When such a tetraploid plant is crossed with a diploid plant, the triploid offspring are usually sterile (unable to produce fertile seeds or spores), although many triploids can be propagated vegetatively. Growers of annual triploid plants not readily propagated vegetatively cannot produce a second-generation crop from the seeds (if any) of the triploid crop and need to buy triploid seed from a supplier each year. Many sterile triploid plants, including some trees and shrubs, are becoming increasingly valued in horticulture and landscaping because they do not become invasive species and do not drop undesirable fruit and seed litter. In certain species, colchicine-induced triploidy has been used to create "seedless" fruit, such as seedless watermelons (Citrullus lanatus). Since most triploids do not produce pollen themselves, such plants usually require cross-pollination with a diploid parent to induce seedless fruit production.
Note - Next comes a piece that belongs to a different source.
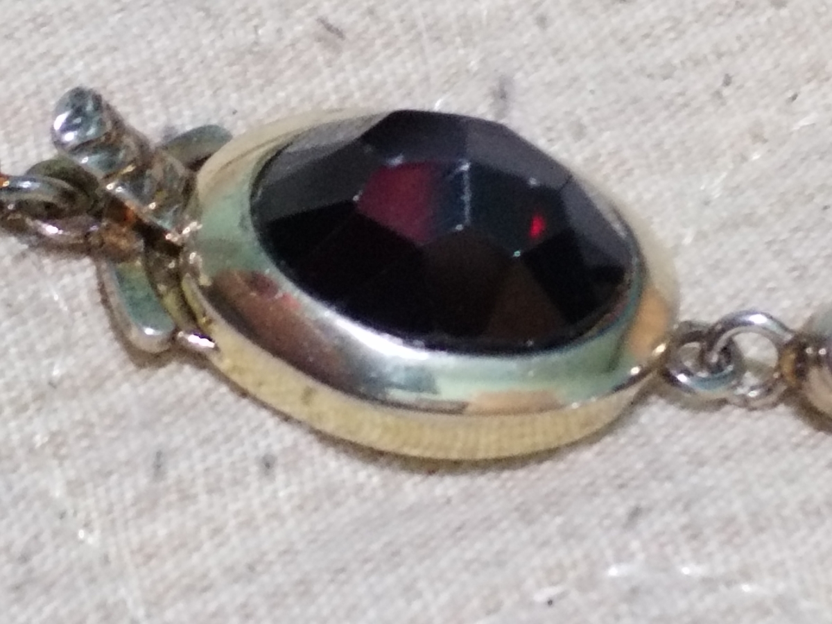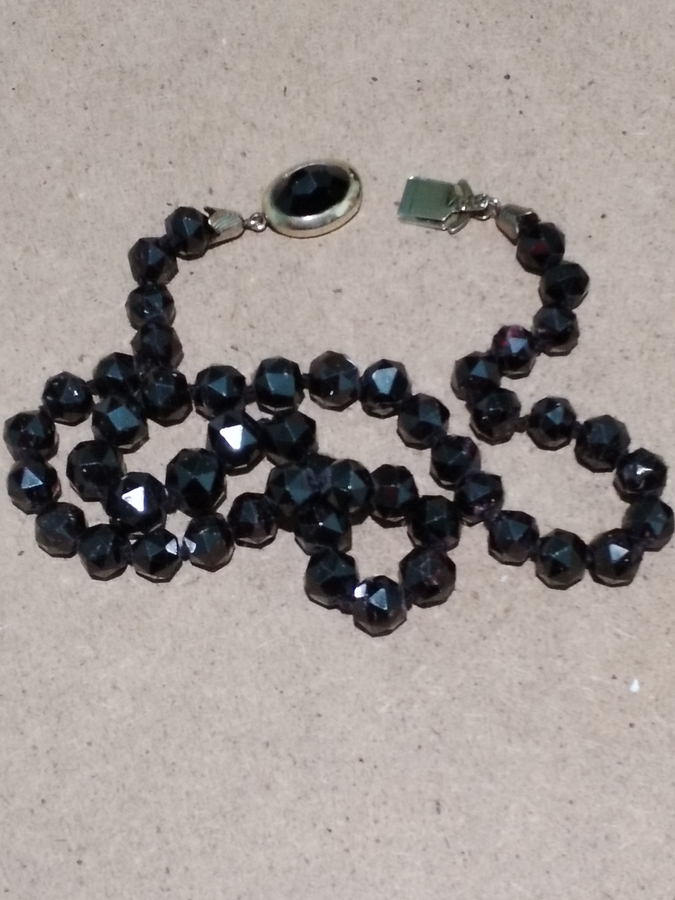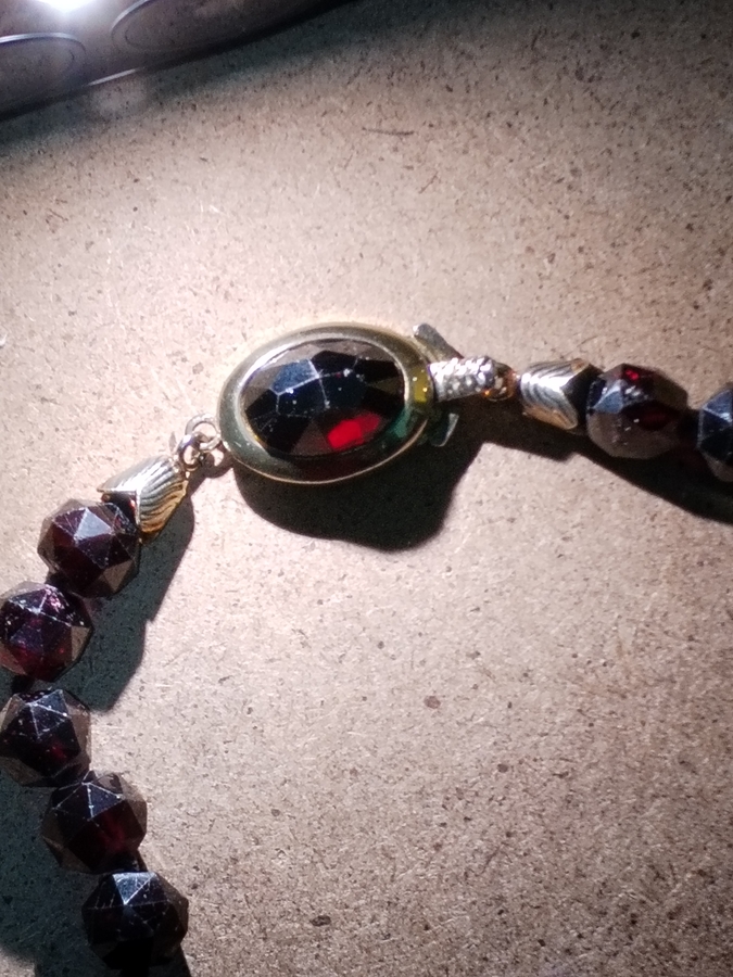Elegant colier vintage cu granate, anii 1950-1960, cu inchizatoare din argint aurit.

The ability of colchicine to induce polyploidy can be also exploited to render infertile hybrids fertile, for example in breeding triticale (× Triticosecale) from wheat (Triticum spp.) and rye (Secale cereale). Wheat is typically tetraploid and rye diploid, with their triploid hybrid infertile; treatment of triploid triticale with colchicine gives fertile hexaploid triticale.

== Society and culture ==
=== Legal status ===
In May 2026, the Committee for Medicinal Products for Human Use of the European Medicines Agency adopted a positive opinion recommending the granting of a marketing authorization for the medicinal product Colchicine Agepha Pharma, intended for the secondary prevention of atherothrombotic events in adults with coronary disease who have been stable for at least six months. The applicant for this medicinal product is Agepha Pharma s.r.o. Colchicine Agepha Pharma is a hybrid medicine of Colchicine Tiofarma, which has been authorized in the European Union since 1998. Colchicine Agepha Pharma contains the same active substance as Colchicine Tiofarma but differs in the approved indication. It was authorized in July 2026.